Já comentei aqui algumas vezes que o brasileiro não sabe ser voto vencido. Que, numa verdadeira democracia, deveríamos simplesmente votar, respeitar o resultado da eleição e seguir em paz. Pois recentemente escutei a versão em audiobook (ou audiolivro, como preferem alguns) de "Democracia em Crise no Brasil", de Cláudio Pereira de Souza Neto, e transcrevo abaixo trechos que considerei certeiros:
Em uma democracia constitucional, os adversários se concebem mutuamente como dignos de respeito e consideração, apesar das divergências que mantêm entre si. A crise atual da democracia envolve a dissolução das relações de "amizade cívica" entre adversários, que passam a se conceber como "inimigos". (...) Nas disputas políticas que têm lugar em contextos de erosão democrática, os opositores são taxados como "traidores", "subversivos" ou "criminosos". (...) Quando os "inimigos" vencem as eleições, as derrotas eleitorais tendem a não ser reconhecidas, e se legitima o emprego de meios não democráticos para retirá-los do poder.

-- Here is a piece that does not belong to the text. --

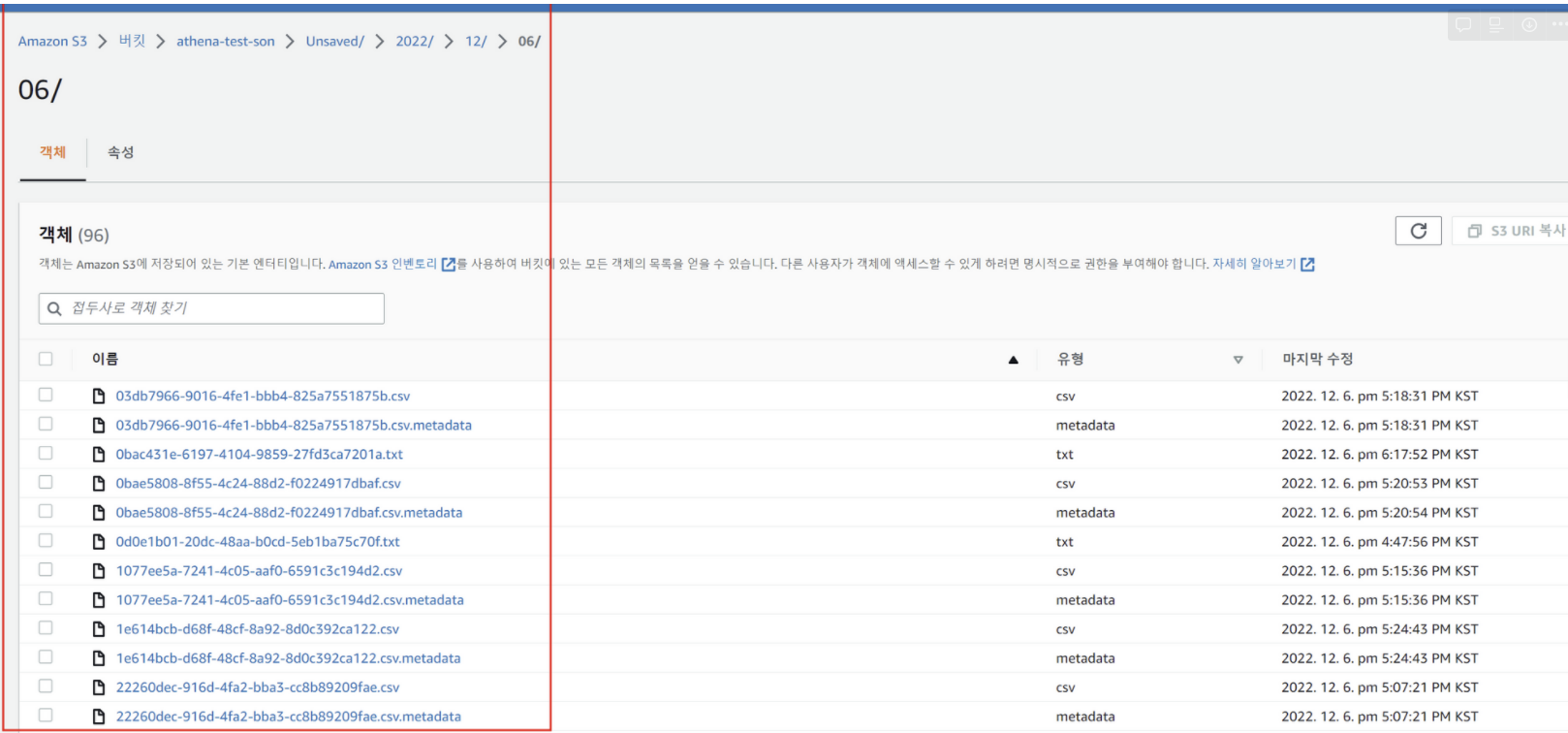 LOCATION 구문에 S3 전체 경로로 잡아서

Perfeito! O mais incrível é que o livro foi escrito bem antes da arruaça antidemocrática protagonizada pelos maus perdedores em Brasília em 8 de janeiro. Duas perguntas me ocorrem. Primeira: o Brasil de fato teve, em algum momento, a democracia constitucional pacífica e ordeira que o autor descreve no começo do trecho que transcrevi? Minha lembrança é de que o clima político era mais ameno e civilizado no governo Fernando Henrique e no primeiro mandato de Lula. Sim, inevitavelmente se lia ou ouvia "fora FHC" e depois "fora Lula". Mas as posições não estavam tão à flor da pele como hoje. As redes sociais catalisaram as divergências e o "vem pra rua" criou (ou tentou criar) a falsa ideia de que é lícito buscar reverter nas praças o que já foi decidido nas urnas. Uma das consequências foi a de que amigos que conseguiam conviver com suas diferenças partidárias passaram a ver suas amizades arranhadas ou mesmo desfeitas.
A segunda pergunta: é possível sanar essa erosão democrática e retornar a uma normalidade? O momento atual é o pior possível para se pensar nisso, pois os baderneiros estão sendo julgados, o que acirra ainda mais a polarização entre eleitores. Mas eu ainda sonho com um Brasil em que a democracia seja exercida com maturidade e civilidade.